Mais au fil de mes visites de différentes écoles finlandaises, je n’ai en général pas vu beaucoup d’illustrations de ce tableau idéal. Depuis, j’ai découvert que même si les méthodes pédagogiques novatrices, les gadgets technologiques et des locaux resplendissants sont une bonne chose, ce ne sont que des éléments secondaires. La réussite finlandaise en matière d’éducation nous suggère que le plus important pour un pays est l’application d’un programme pédagogique bien équilibré, un enseignement assuré par des éducateurs compétents et un environnement d’apprentissage pensé pour favoriser le bien-être des élèves.
Participative
Il existe en Finlande une conviction largement répandue chez les parents comme les professeurs que les jeunes enfants ont besoin de beaucoup de temps pour s’adonner régulièrement au jeu. Cette philosophie est d’ailleurs elle aussi étayée par des travaux de recherche : « A court comme à long terme, participer à des jeux profite au développement cognitif, social, émotionnel et physique » selon un résumé de recherche américain publié sous le titre The Power of Play (« Le pouvoir du jeu »).
En fait, la plupart des enfants finlandais n’entament leur première année de scolarité obligatoire qu’arrivés à l’âge de sept ans : avant cela, ils passent la plus grande partie de leurs journées à l’école à apprendre en jouant.

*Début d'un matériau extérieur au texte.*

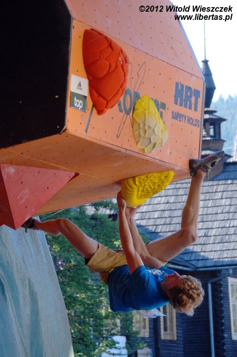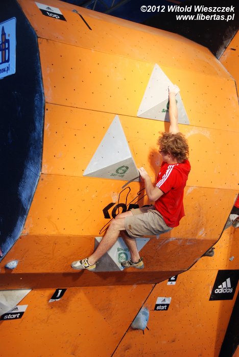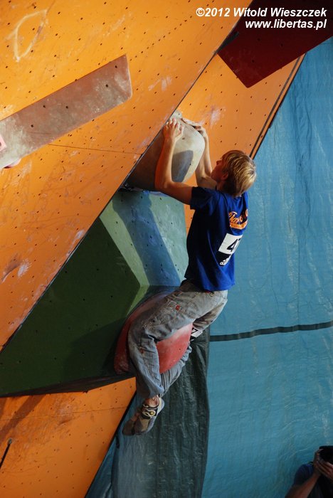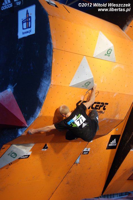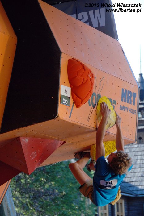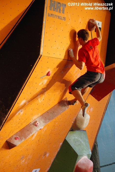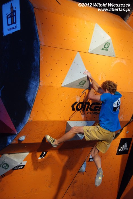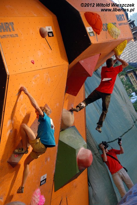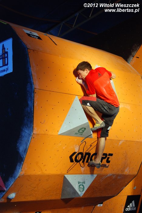 Eliminacje zawodów Adidas Zako Boulder Power 2012 odbyły się w sobotę przy Dworcu Tatrzańskim. Półfinały i finały mężczyzn oraz kobiet dzień później. Mnie udało się obejrzeć niedzielne półfinały mężczyzn, w których 26 zawodników zmagało się z czterema problemami autorstwa Adama Pustelnika. Zawodnicy pojawiali się w kolejności od tych sklasyfikowanych najniżej, więc początkowo można było odnieść wrażenie, że przygotowane problemy są nie do pokonania. Najszybciej top został osiągnięty na ściance numer 2. Na ściance numer 3 pierwszą przeszkodę udało się pokonać dopiero Krzysztofowi Szalachowi, a ścianka numer 4 pozostała niezdobyta. Do finału przeszli: Aleksander Romanowski, Jakub Główka, Jakub Jodłowski, Tomasz Oleksy, Bartosz Jarosiewicz i wspomniany już Krzysztof Szalacha.
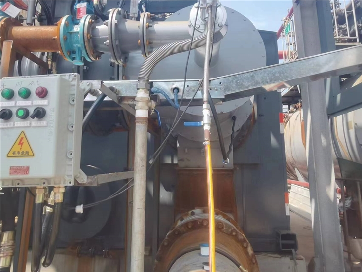 燃烧器配套就地点火箱,通过点火控制箱的按钮进行手动/自动操作。点火枪采用天然气或液化气作为燃料,点火时采用小火点大火方式,启动点火程序时首先点燃小火,待小火稳定燃烧后开启主燃气阀门,运行大火模式。点火箱包括点火控制器、点火变压器、火焰检测器。控制系统点火操作、远程反馈、运行状态显示、火焰检测、电磁阀驱动等功能。
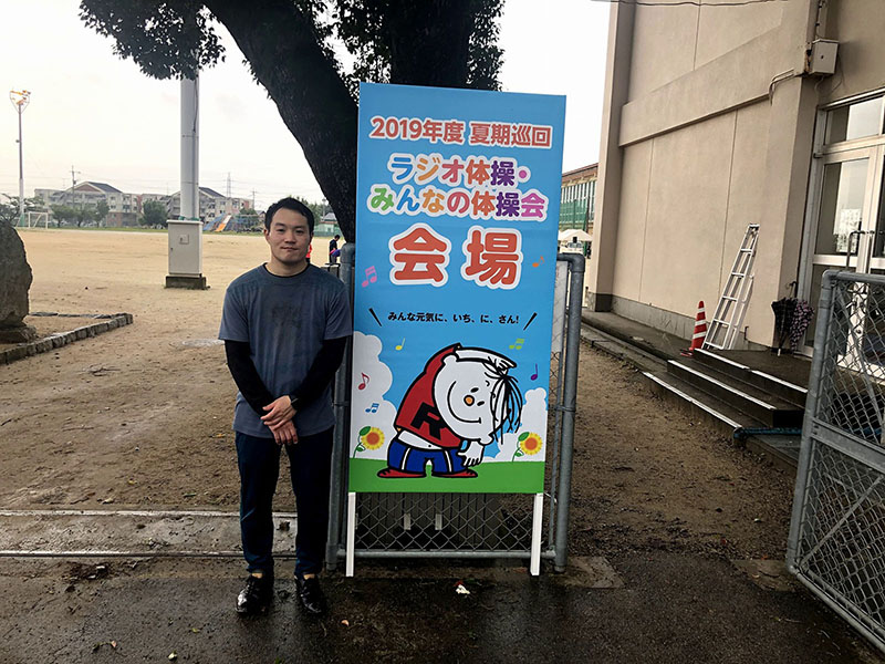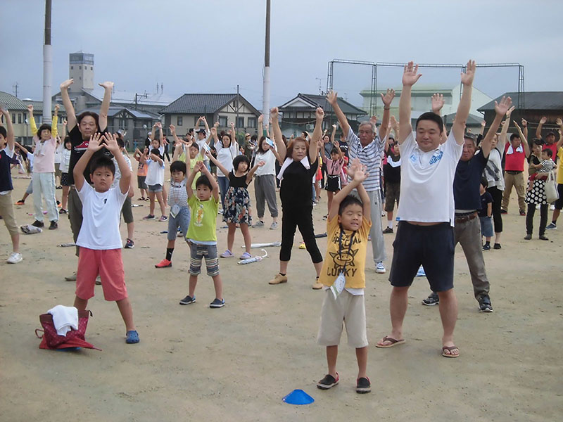 直前まで雨が降っていた為、屋外での開催は難しいと思っていましたが、ラジオ体操の音楽が流れた瞬間、雨がピタリとやみ、会場の皆さまの気持ちがそうさせたのだと感じました。

Mais même quand les petits finlandais entrent en première année, la structure de la journée scolaire réserve aux jeunes élèves de nombreuses occasions de participer à des jeux communs. Plus précisément et de façon spécifique à la Finlande, la plupart des élèves finlandais de première et deuxième année ont en moyenne seulement trois heures de cours environ par jour ponctuées de brèves récréations. De plus, il est courant qu’une fois l’école proprement dite terminée dès le début de l’après-midi, ces mêmes enfants inscrits en première et deuxième année de scolarité obligatoire se retrouvent dans une sorte de garderie où ils peuvent typiquement s’adonner à toutes sortes de jeux participatifs qu’ils font évoluer en toute autonomie.
Libérée du stress
Lors de mes visites dans différentes écoles finlandaises, j’ai eu peu à peu l’occasion de remarquer un schéma récurrent : l’environnement d’apprentissage était en général paisible et détendu. Etant entendu que le stress a des effets opposés au résultat recherché sur l’apprentissage comme sur le travail de l’enseignant, une ambiance libérée de tout stress est essentielle pour tous, éducateurs et élèves confondus.
Egalitaire
Toutes les écoles finlandaises sont publiques à l’exception d’une petite poignée d’écoles privées. Ceci se traduit par un haut niveau d’enseignement et d’apprentissage à l’échelle de l’ensemble du territoire national : ainsi, quelle que soit la région où ils grandissent, tous les enfants du pays ont gratuitement accès à de bonnes écoles où ils seront pris en charge par des enseignants qualifiés, à un programme d’enseignement équilibré, à des déjeuners aux qualités nutritionnelles bénéfiques à leur santé et à des matériels d’apprentissage de haute tenue.
Le pacte éducatif finlandais profite tout simplement aux enfants.
Par Tim Walker, décembre 2016
Tim Walker est un enseignant et auteur américain. Il a publié à ce jour le livre Lost in Finland (2016, S&S), ), tandis que son dernier ouvrage Teach Like Finland:sortira en 2017 aux éditions W.W. Norton (titre indicatif en français : « L’enseignement à la finlandaise : 33 stratégies simples pour des salles de classe joyeuses »).